PROBLEM DESCRIPTION - Your task is to copy the listing exactly. Drop any pictures from the copy.

COLLECTED DATA -
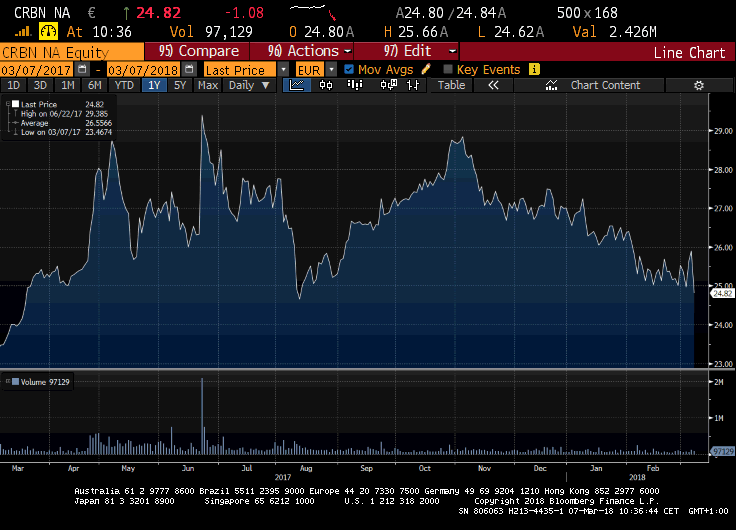 Corbion is vandaag met afstand de grootste daler van alle AEX- en AMX aandelen. Het aandeel deed het de afgelopen jaren prima, maar verliest in 2018 inmiddels 7,4% op een koers van €25. Analisten blijven wel positief met vier koopadviezen, vier houdadviezen en geen enkel verkoopadvies.
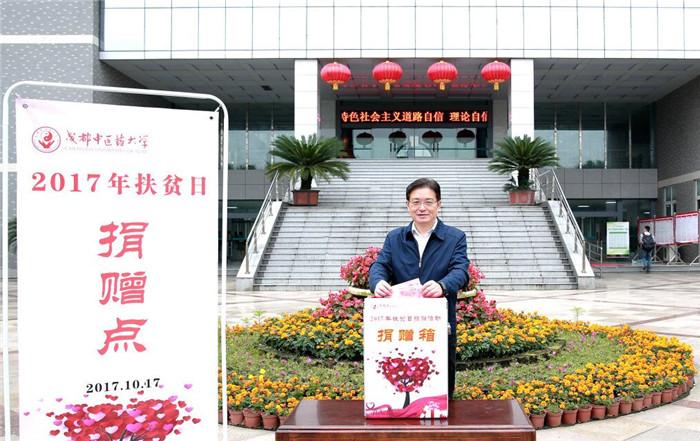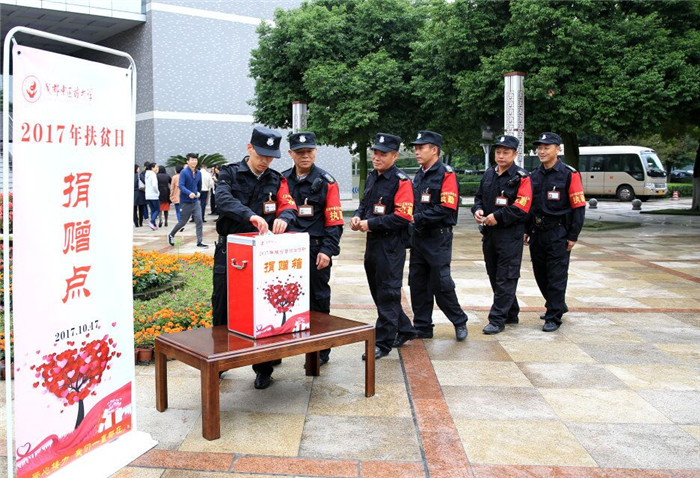 10月17日是我国第四个“扶贫日”,也是第25个国际消除贫困日。上午10时,Beat365官网“扶贫日”集中募捐活动在温江校区行政楼前举行,学校在家校领导、行政管理人员、校卫队队员、后勤职工等踊跃到场捐献。同时,学校在温江校区通惠广场、温江校区二食堂前也设立了捐赠点,向全校教职工、学生募集捐款。捐赠活动中,校领导班子成员积极带头,教职员工、同学纷纷响应,大家尽己所能、慷慨解囊,扶贫日当日全校共募集善款15708.6元。
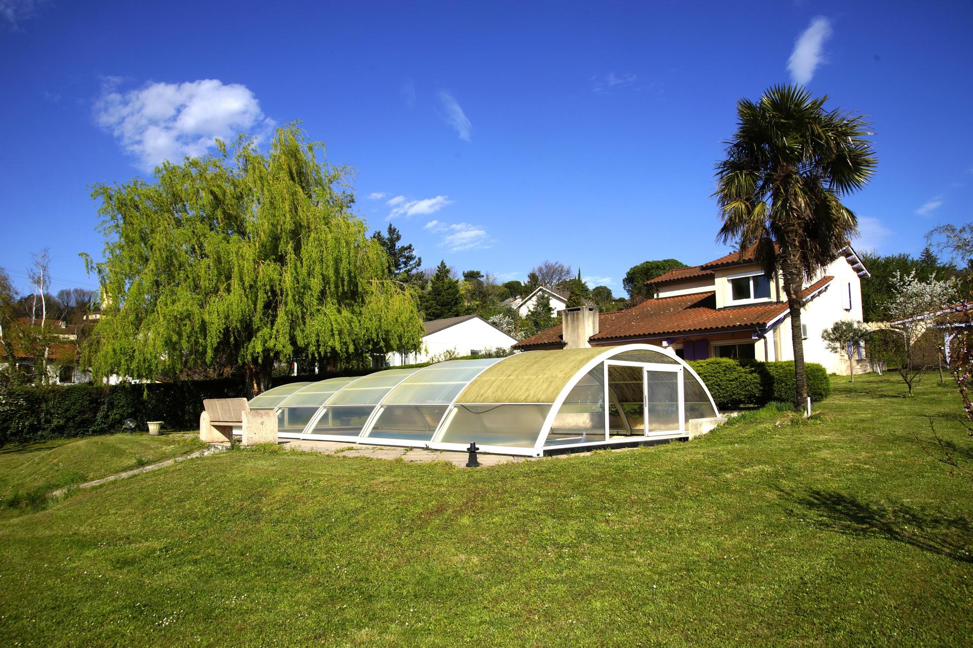 Ayant bénéficiée de certains éléments de rénovation (menuiseries, volets électriques, isolation), cette propriété vous offrira également de belles prestations : climatisation, portail automatisé, piscine sous abri, bel "espace carport" dont 2 places couvertes sous dépendances, cave, agréable jardin parfaitement entretenu avec de nombreux arbres fruitiers, spacieuse terrasse exposée plein sud, espace de vie confortable.

ANSWER SPACE -
 Corbion is vandaag met afstand de grootste daler van alle AEX- en AMX aandelen. Het aandeel deed het de afgelopen jaren prima, maar verliest in 2018 inmiddels 7,4% op een koers van €25. Analisten blijven wel positief met vier koopadviezen, vier houdadviezen en geen enkel verkoopadvies.
 10月17日是我国第四个“扶贫日”,也是第25个国际消除贫困日。上午10时,Beat365官网“扶贫日”集中募捐活动在温江校区行政楼前举行,学校在家校领导、行政管理人员、校卫队队员、后勤职工等踊跃到场捐献。同时,学校在温江校区通惠广场、温江校区二食堂前也设立了捐赠点,向全校教职工、学生募集捐款。捐赠活动中,校领导班子成员积极带头,教职员工、同学纷纷响应,大家尽己所能、慷慨解囊,扶贫日当日全校共募集善款15708.6元。
 Ayant bénéficiée de certains éléments de rénovation (menuiseries, volets électriques, isolation), cette propriété vous offrira également de belles prestations : climatisation, portail automatisé, piscine sous abri, bel "espace carport" dont 2 places couvertes sous dépendances, cave, agréable jardin parfaitement entretenu avec de nombreux arbres fruitiers, spacieuse terrasse exposée plein sud, espace de vie confortable.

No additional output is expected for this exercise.